§ **Collected data entries**
◆ ◆ ◆ ◆ ◆
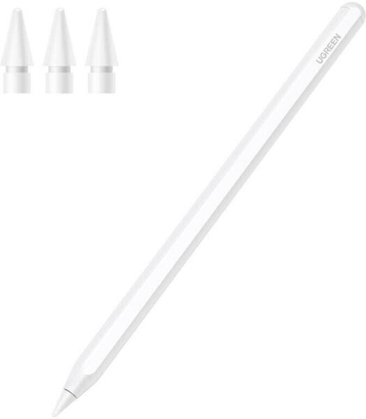 UGREEN LP653 Smart Stylus érintőceruza Apple iPadhez (fehér) Elegáns és modern eszköz az iPad felhasználók számára, amely egyesíti az eleganciát és a fejlett technológiát. Fehér kialakítása, könnyű szerkezete (113 g) és fejlett funkciói, mint a vezeték nélküli mágneses töltés, hosszú akkumulátor-élettartam Bluetoothszal, dőlésérzékenység, Palm Rejection támogat
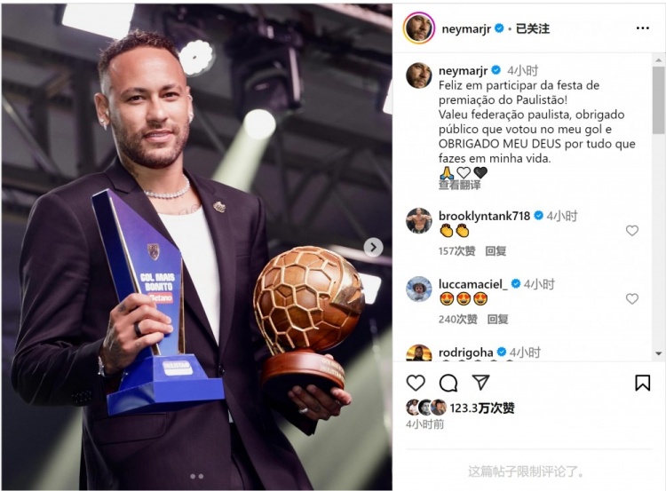 內馬爾在對陣國際里梅拉的比賽中的角球直接破門當選圣保羅州聯(lián)賽最佳進球,他在社交媒體上曬出領獎照片,配文:“很高興參加圣保羅州聯(lián)賽頒獎典禮,感謝圣保羅州足協(xié),感謝投票支持我的進球的球迷,感謝上帝在我生命中所做的一切!”
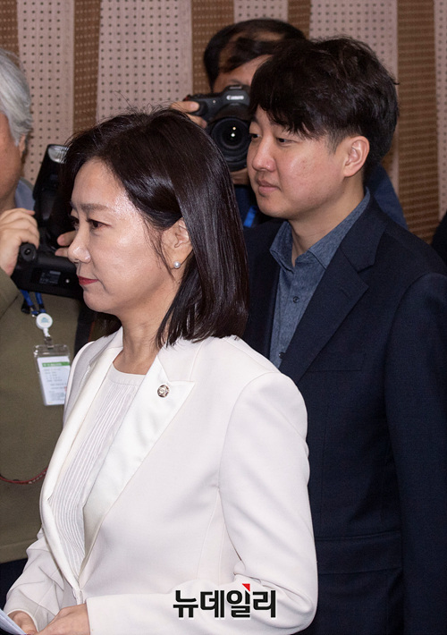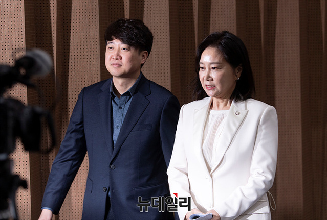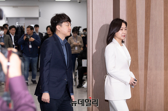 이준석 전 국민의힘 대표와 허은아 의원이 3일 오전 국회에서 열린 국민의힘 탈당 기자회견에 참석하고 있다.
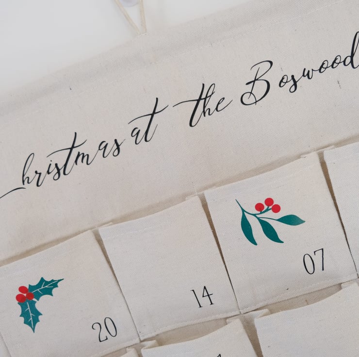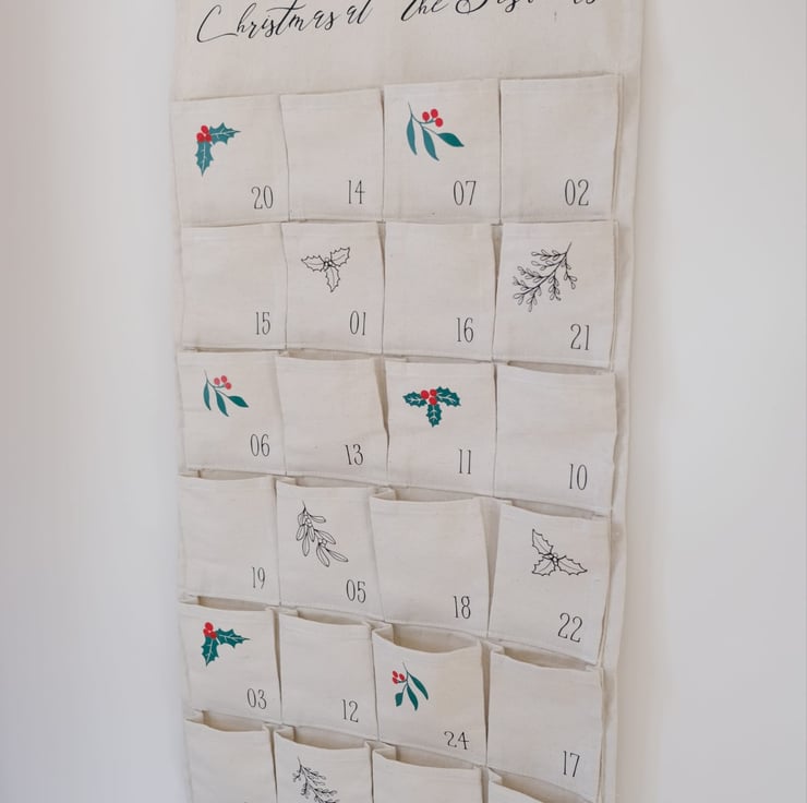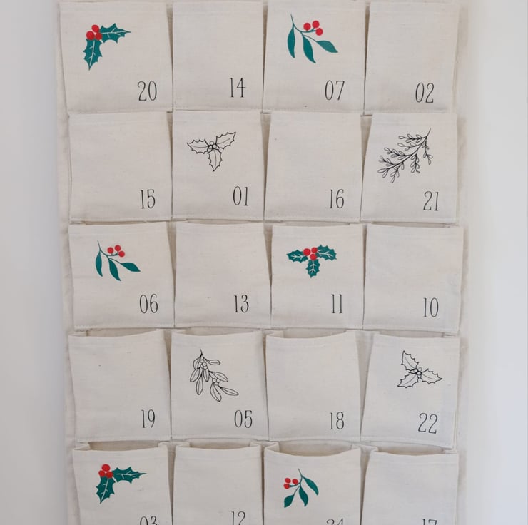 Embrace the holiday spirit with a Reusable Canvas Christmas Advent Calendar! This beautifully crafted calendar is adorned with charming holly and mistletoe illustrations, adding a touch of festive magic to your home.
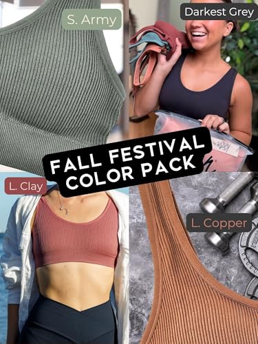 • 4-Pack Women’s Ribbed Bralette: Pullover design with Thick Straps (wide strap). Thick enough to wear as a cute crop top, supportive enough to wear as a sports bra for workouts. Full coverage front. Scoop or U neck. Lightly Lined. Quick Drying. Check out our numerous color options above. Pads are removable. No underwire.
◆ ◆ ◆ ◆ ◆
§ **To do**
An exact transcription is needed, covering the line with "이준석 전 국민의힘 대표와" and every line after it to the end of the entries, but not the pictures.

§ **Solved exercise**
 이준석 전 국민의힘 대표와 허은아 의원이 3일 오전 국회에서 열린 국민의힘 탈당 기자회견에 참석하고 있다.
 Embrace the holiday spirit with a Reusable Canvas Christmas Advent Calendar! This beautifully crafted calendar is adorned with charming holly and mistletoe illustrations, adding a touch of festive magic to your home.
 • 4-Pack Women’s Ribbed Bralette: Pullover design with Thick Straps (wide strap). Thick enough to wear as a cute crop top, supportive enough to wear as a sports bra for workouts. Full coverage front. Scoop or U neck. Lightly Lined. Quick Drying. Check out our numerous color options above. Pads are removable. No underwire.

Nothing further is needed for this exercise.